WHAT THE TASK ASKS:
Every line below between the line holding "Considering the ordinary" and the line holding "胸には大きな手づくりメダルと、お菓子が入った手さげ袋", inclusive, should be repeated exactly, and all other lines omitted.

INFORMATION PROVIDED:
================

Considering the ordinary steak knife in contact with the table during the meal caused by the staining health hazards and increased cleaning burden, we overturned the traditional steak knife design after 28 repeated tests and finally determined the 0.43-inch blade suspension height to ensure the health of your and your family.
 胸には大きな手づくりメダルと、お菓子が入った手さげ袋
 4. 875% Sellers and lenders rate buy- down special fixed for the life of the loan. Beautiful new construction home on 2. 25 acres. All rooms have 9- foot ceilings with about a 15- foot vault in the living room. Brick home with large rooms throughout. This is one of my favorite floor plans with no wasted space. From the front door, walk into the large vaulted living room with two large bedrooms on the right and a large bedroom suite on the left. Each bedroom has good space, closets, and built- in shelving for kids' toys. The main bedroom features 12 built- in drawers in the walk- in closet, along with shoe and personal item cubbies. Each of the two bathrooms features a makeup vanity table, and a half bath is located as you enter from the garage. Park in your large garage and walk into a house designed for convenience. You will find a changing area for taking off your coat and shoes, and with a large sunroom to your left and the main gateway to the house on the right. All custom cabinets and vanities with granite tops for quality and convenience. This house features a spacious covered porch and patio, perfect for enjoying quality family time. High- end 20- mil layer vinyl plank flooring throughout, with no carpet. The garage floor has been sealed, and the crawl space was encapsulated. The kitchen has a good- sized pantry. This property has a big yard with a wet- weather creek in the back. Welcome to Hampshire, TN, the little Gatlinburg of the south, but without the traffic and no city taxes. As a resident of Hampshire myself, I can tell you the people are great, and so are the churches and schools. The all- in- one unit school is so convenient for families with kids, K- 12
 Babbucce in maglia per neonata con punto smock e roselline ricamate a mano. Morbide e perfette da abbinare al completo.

================

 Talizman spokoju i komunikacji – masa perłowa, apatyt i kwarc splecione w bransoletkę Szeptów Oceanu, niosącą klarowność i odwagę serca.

================

ANSWER SECTION:
Considering the ordinary steak knife in contact with the table during the meal caused by the staining health hazards and increased cleaning burden, we overturned the traditional steak knife design after 28 repeated tests and finally determined the 0.43-inch blade suspension height to ensure the health of your and your family.
 胸には大きな手づくりメダルと、お菓子が入った手さげ袋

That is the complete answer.